Tomemos conciencia de la gravedad de esta enfermedad y pongamos en práctica recomendaciones mínimas que nos pueden librar de este mal.
Debido a la falta de información, la mayoría de personas en nuestro medio, ha tomado el tema del SIDA como algo sin importancia y, en muchos casos, tan solo se le tiene en cuenta para inventar chistes y gracejos, que no solo divierten sino que minimizan la enfermedad, tornándola aún más peligrosa ya que al no entender la gravedad que ésta representa se facilita enormemente su expansión.
Para indicar de una manera clara la proporción de este terrible mal, se ha comparado con la magnitud de un iceberg, es decir, con una enorme masa de hielo proveniente de un glaciar.
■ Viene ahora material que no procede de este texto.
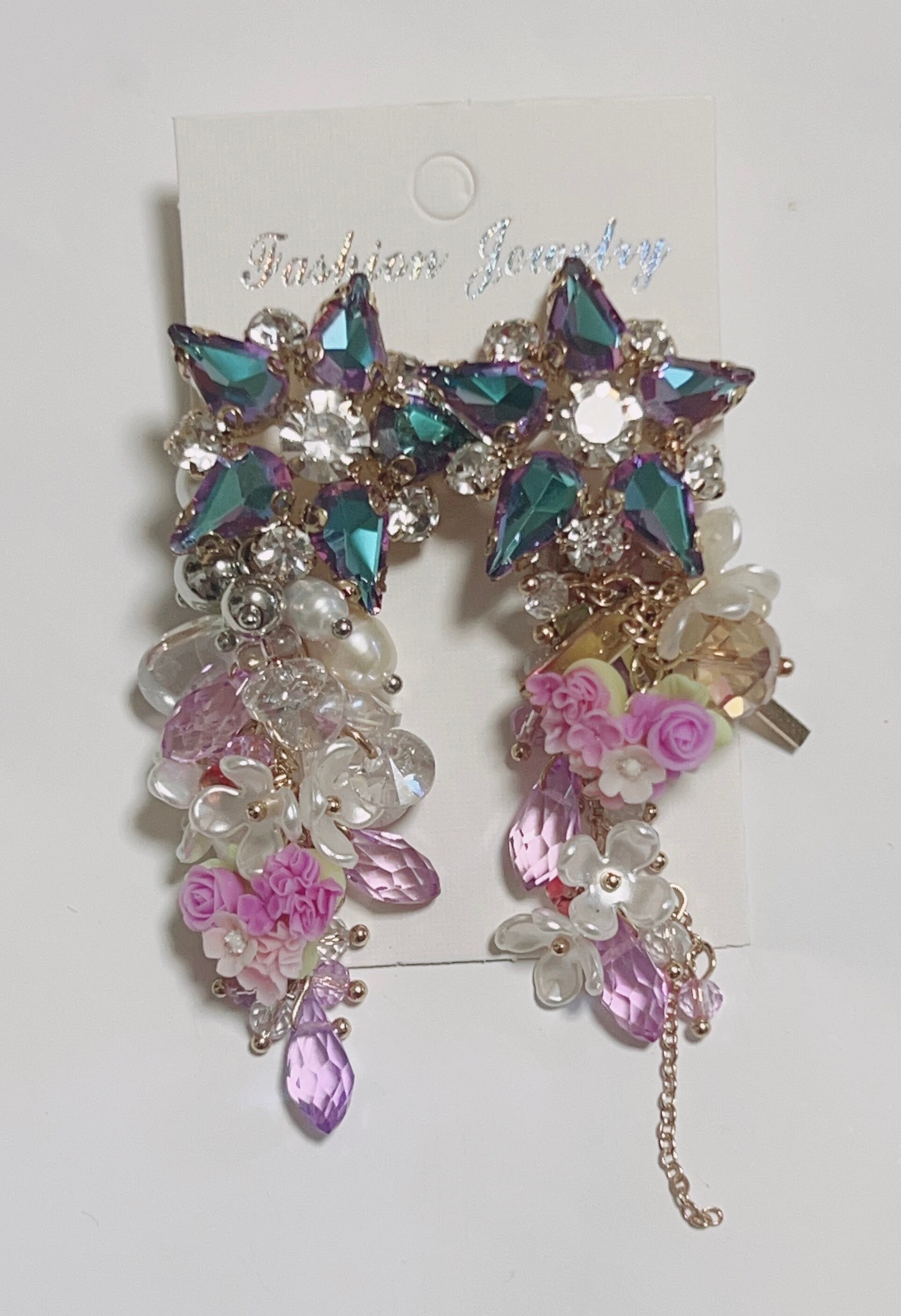 樹脂薔薇、パールチェーンを組み合わせて作った大人かわいい、ピアスになります。

La parte visible que emerge del agua es sumamente pequeña (número de pacientes que experimentan los síntomas causados por el SIDA) en relación a la colosal mole que permanece oculta (cantidad de personas que tienen SIDA y no sienten nada, pero que están transmitiendo la enfermedad). La comparación se hace señalando en esta forma la tremenda diferencia que hay entre el número de infectados que ya han desarrollado la afección y los que están contaminados por el germen pero que aún no experimentan sintomatología alguna. Es decir, que todavía no evidencian ninguna señal de poseer el virus, pero con su sangre, su semen o su secreción vaginal ya están transmitiendo el mal aceleradamente. Éstos últimos son los llamados “enfermos asintomáticos” o “portadores sanos”
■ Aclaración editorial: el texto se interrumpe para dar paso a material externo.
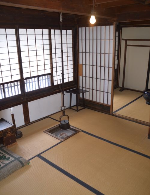 Au centre ville, je m'arrête quelques instants devant l'ancien magasin Iya (ci-dessous). Plus ou moins bien conservé, cet ancien bâtiment laisse imaginer ce à quoi ressemblait autrefois un commerce. Un autre entrepôt surnommé Gozaku (deuxième photo) représente la maison de marchand typique où l'on entreposait jadis les marchandises, endroit qui servait aussi de boutique. Dans les années 1800, on construisit cette maison pour y vendre des mèches de lanternes et de la paille.
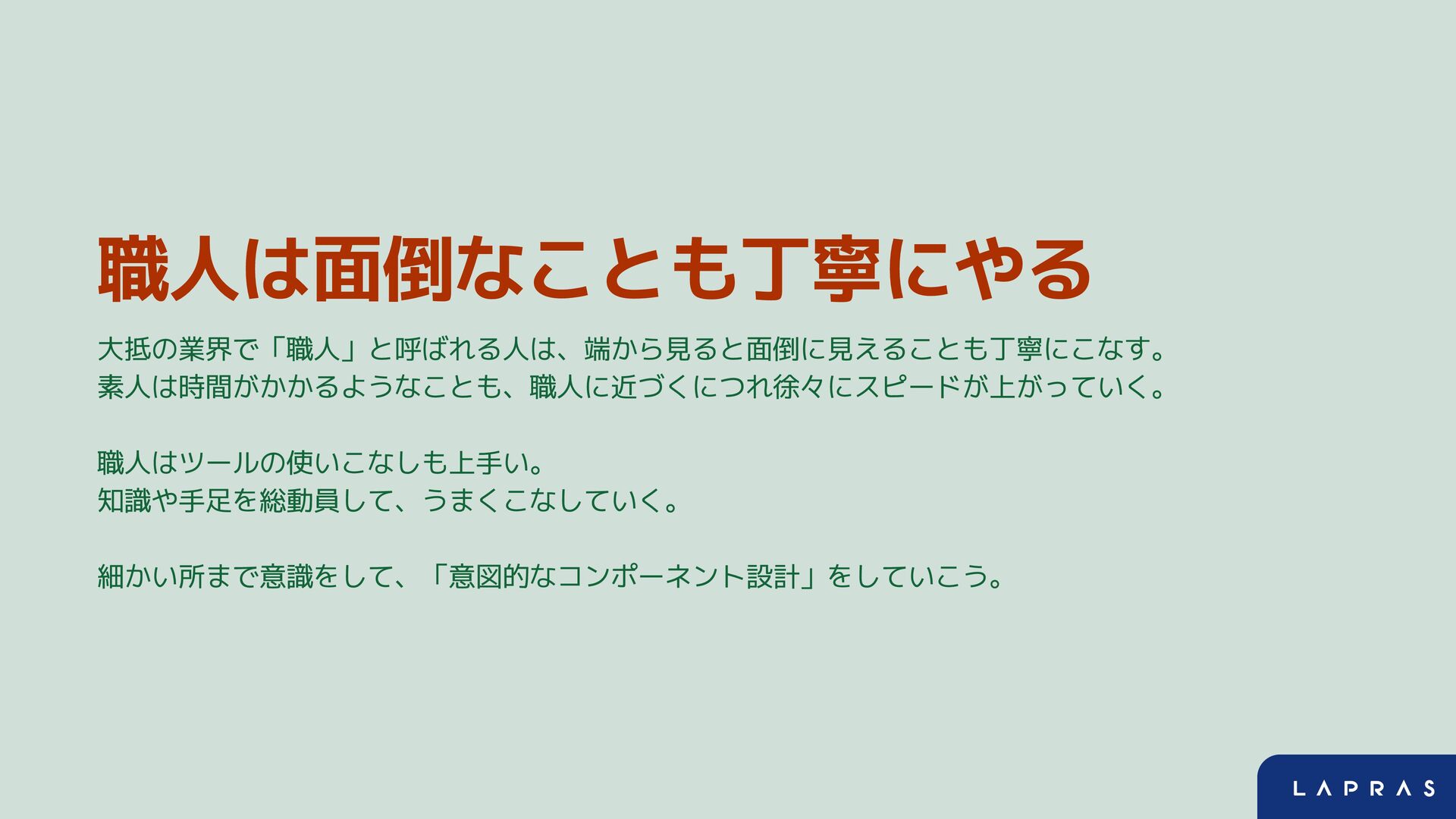 職人は面倒なことも丁寧にやる 大抵の業界で「職人」と呼ばれる人は、端から見ると面倒に見えることも丁寧にこなす。 素人は時間がかかるようなことも、職人に近づくにつれ徐々にスピードが上がっていく。 職人はツールの使いこなしも上手い。 知識や手足を総動員して、うまくこなしていく。 細かい所まで意識をして、「意図的なコンポーネント設計」をしていこう。

Para evitar el SIDA, es esencial tener en cuenta cuáles son los medios de transmisión, para evitar así toda posibilidad de infección, además saber exactamente cuáles son los actos que parecen ser riesgosos pero que no lo son. Así se podrán evitar los primeros y pasar inadvertidos los segundos.
Hay individuos que prefieren ignorar completamente la existencia de la enfermedad, hay otros que viven prevenidos de todo y contra todo, temiendo permanentemente que cualquier actividad les pueda infectar.
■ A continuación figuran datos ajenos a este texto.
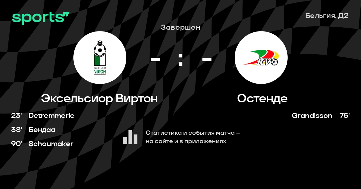 | 7 | Остенде | 36 | 13 | 14 | 9 | 54 | 51 | +3 | 53 | ||

Las secreciones de líquidos como: saliva, lágrimas, sudor, mucosa nasal, orina o materia fecal, NO transmiten el virus.
La infección se produce cuando los líquidos de sangre, semen o secreción vaginal están contaminados con el VIH y entran en contacto con alguna herida, laceración o fisura de alguna persona, lo cual permitirá que el virus penetre en su torrente sanguíneo, infectando así al individuo. Cualquier tipo de secreción que contenga pus es también altamente infectante.